* _Task description_:
From the first line to the last, copy the listing exactly and omit the pictures.

* _Supplied information_:
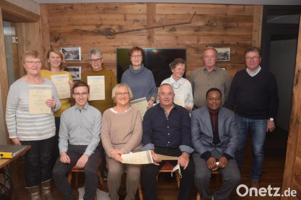 In der Cäcilienfeier im Gasthof Waldnaabtal ehrte der Kirchenchor Neuhaus treue Mitglieder. Christine Schieder für 15 Jahre und Helmut Kippes für 20 Jahre erhielten die Pfarreiurkunde. Urkunden des Bischofs erhielten Margit Sertl, Mathilde Schedl, Liane Rettinger, Hildegard Pschierer, Maria Weigl, Karolina Kreinhöfner für 25 Jahre, Elfriede Bauer für 30 Jahre sowie Irene Sertl und Christa Windschiegl für 35 Jahre. Seit 55 Jahren ist Ulrich Schieder im Kirchenchor. Heinz Uhl und Pfarrer Edwin Ozioko überreichten ihm die Urkunde des Bischofs in Gold.
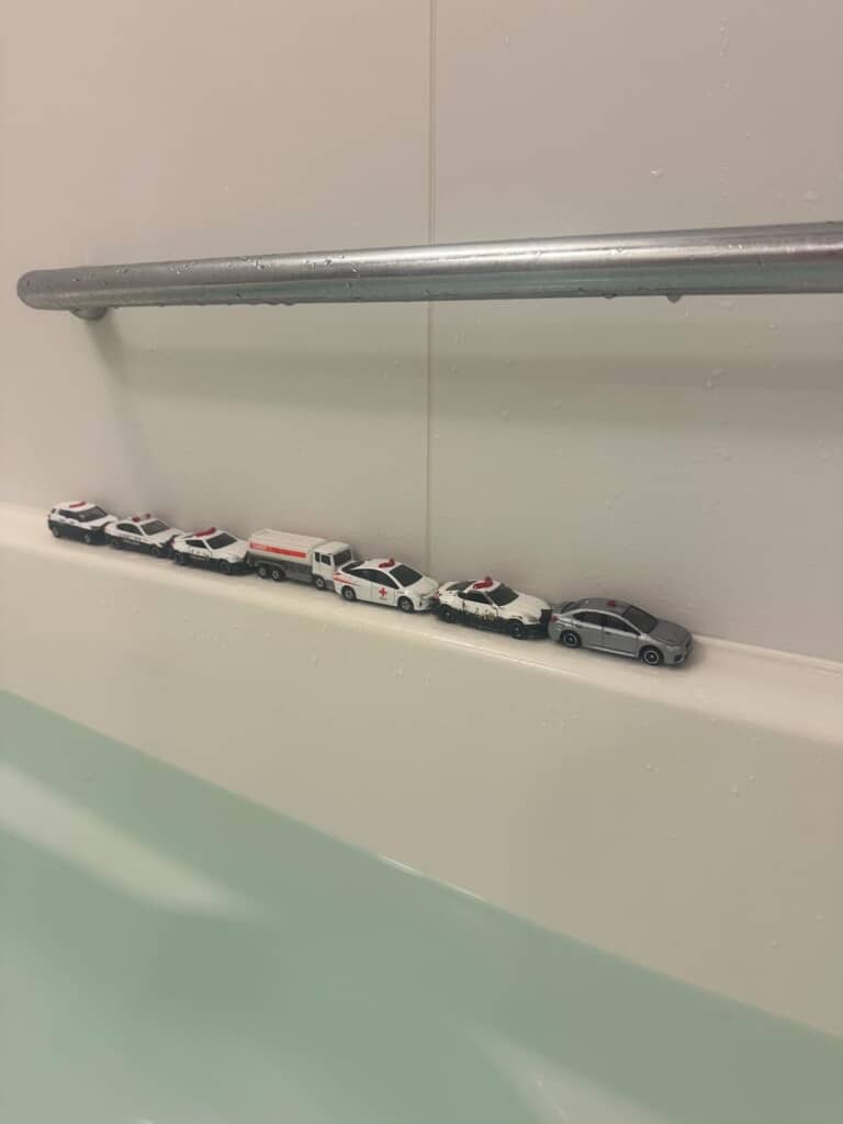 もちろん車は本物ではなく、3歳の息子くんのものと思われるトミカ。大切なトミカを、きれいに並べたのですね。そしてよく見ると、7台のうち最前に停まっているのは覆面パトカーで、さらに前から3番目は赤十字の献血運搬車です。事態はかなり深刻そうで、想像がどこまでも膨らんでいきそうですね。
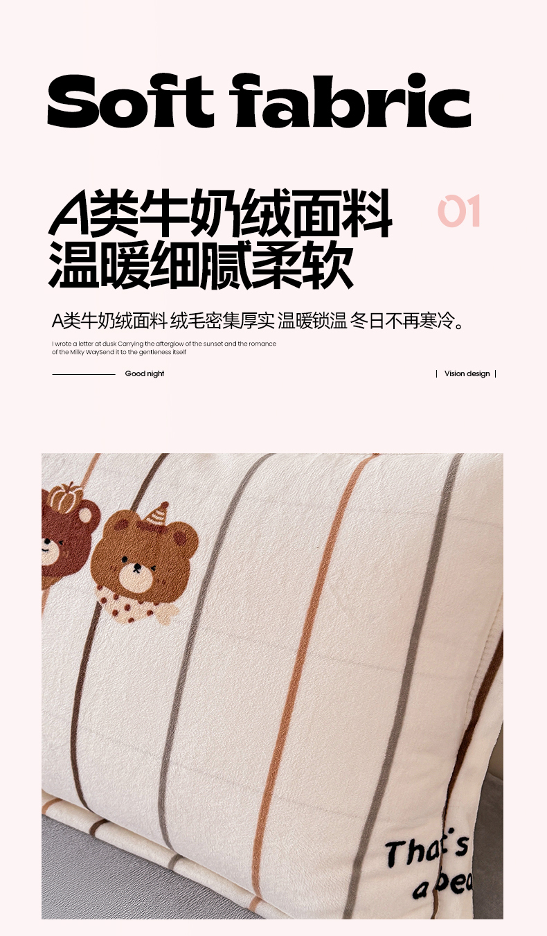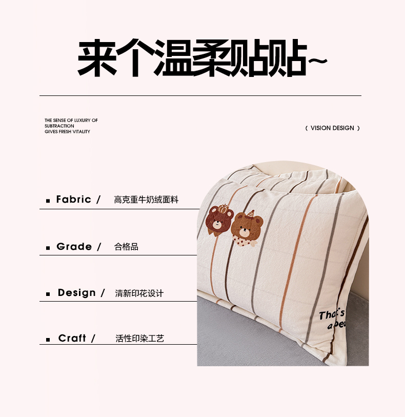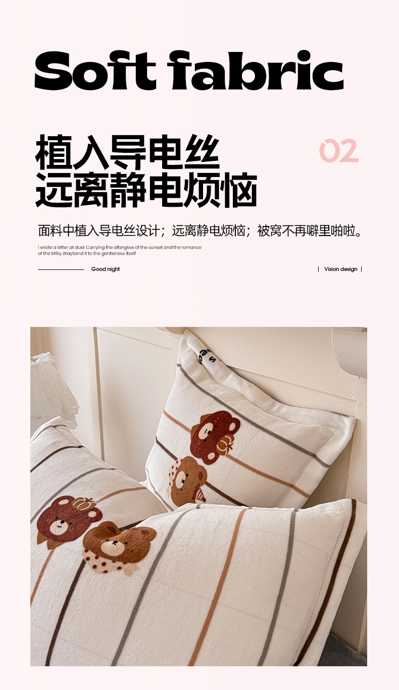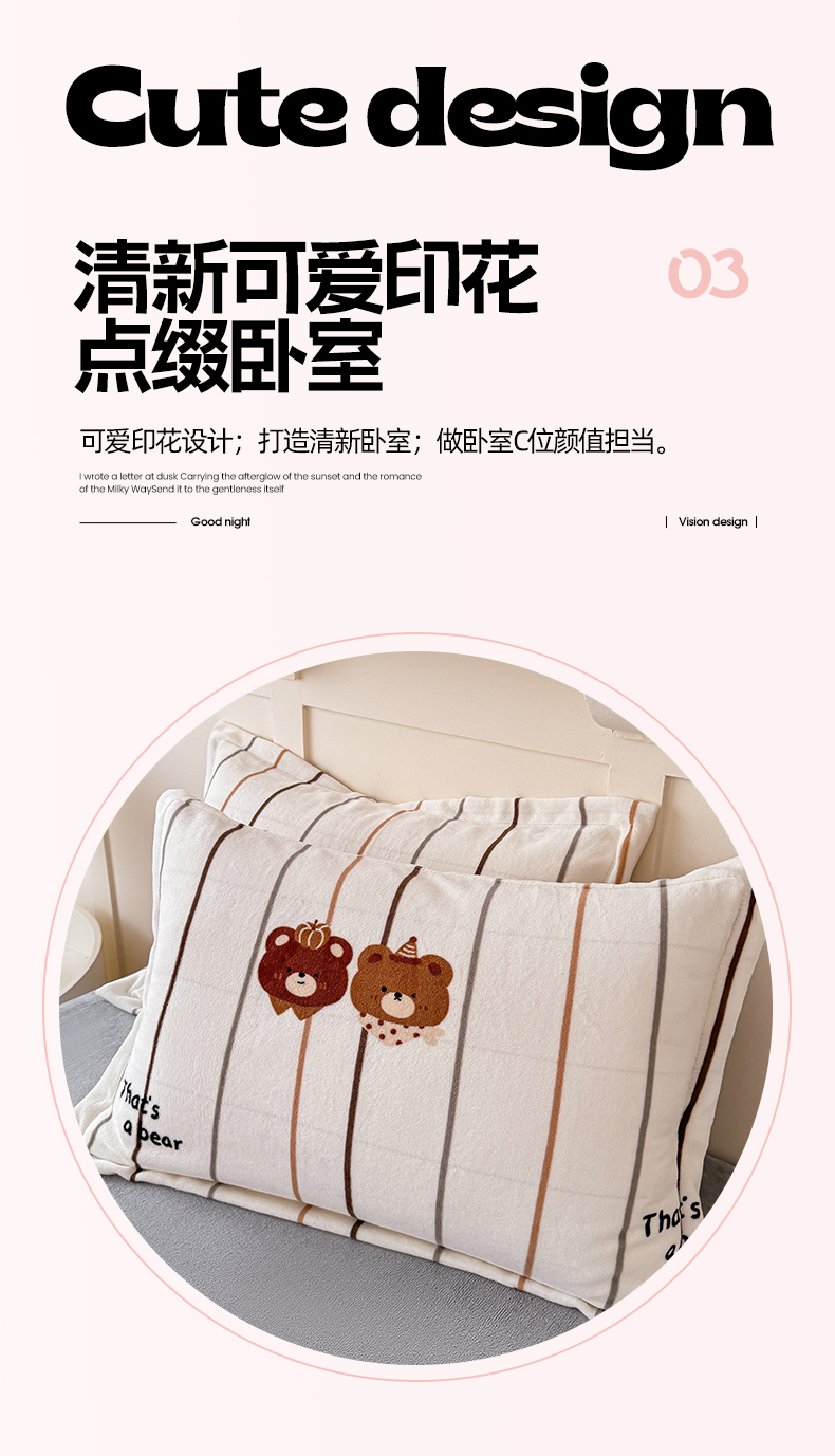 商品名称:妖妖家纺 2024新款200克牛奶绒单枕套 熊熊游乐园

* _Response to the task_:
 In der Cäcilienfeier im Gasthof Waldnaabtal ehrte der Kirchenchor Neuhaus treue Mitglieder. Christine Schieder für 15 Jahre und Helmut Kippes für 20 Jahre erhielten die Pfarreiurkunde. Urkunden des Bischofs erhielten Margit Sertl, Mathilde Schedl, Liane Rettinger, Hildegard Pschierer, Maria Weigl, Karolina Kreinhöfner für 25 Jahre, Elfriede Bauer für 30 Jahre sowie Irene Sertl und Christa Windschiegl für 35 Jahre. Seit 55 Jahren ist Ulrich Schieder im Kirchenchor. Heinz Uhl und Pfarrer Edwin Ozioko überreichten ihm die Urkunde des Bischofs in Gold.
 もちろん車は本物ではなく、3歳の息子くんのものと思われるトミカ。大切なトミカを、きれいに並べたのですね。そしてよく見ると、7台のうち最前に停まっているのは覆面パトカーで、さらに前から3番目は赤十字の献血運搬車です。事態はかなり深刻そうで、想像がどこまでも膨らんでいきそうですね。
 商品名称:妖妖家纺 2024新款200克牛奶绒单枕套 熊熊游乐园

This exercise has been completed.